───── DATASET RECORDS ─────

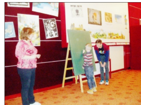
MEDZINÁRODNÝ DEŇ DETSKEJ KNIHY VENOVANÝ H. CH. ANDERSENOVI

V roku 2014 mestská knižnica uskutočnila 58 podujatí, na ktorých sa zúčastnilo 3 980 účastníkov.
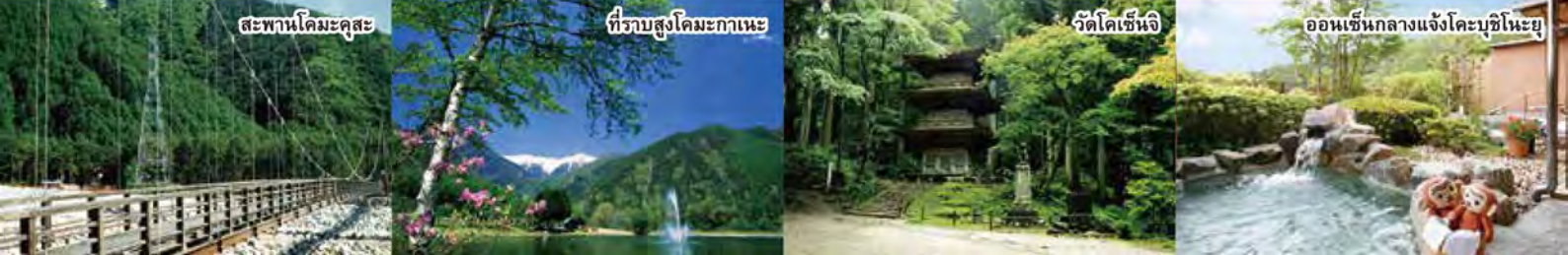
สะพานโคมะคุสะ

*รูปทั้งหมดเป็นภาพจำลอง
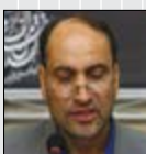
گروه شهری گزارش

رئیس شورای اسلامی شهر اصفهان گفت: منطقه ۱۴ امروز تبدیل به یک کارگاه بزرگ عمرانی و به یک میدان فرهنگی، ورزشی و هنری که حق مردم منطقه بوده تبدیل شده است. علیرضا نصر تصریح کرد: خوشبختانه خط دو قطار شهری اصفهان از منطقه زینبیه آغاز شده و نویدبخش ارزش افزوده در این منطقه است. وی با تاکید بر نگاه ویژه مدیریت شهری اصفهان به مناطق کمتر برخوردار گفت: با تحولات عمرانی ایجاد شده در منطقه ۱۴، زمینه برای سرمایه گذاری بخش خصوصی فراهم شده است.

─────

» WHAT TO WORK ON
What is the number of lines in the data that include "شهری"? Respond with that number and no other text.

» SOLUTION FOR THIS EXERCISE
2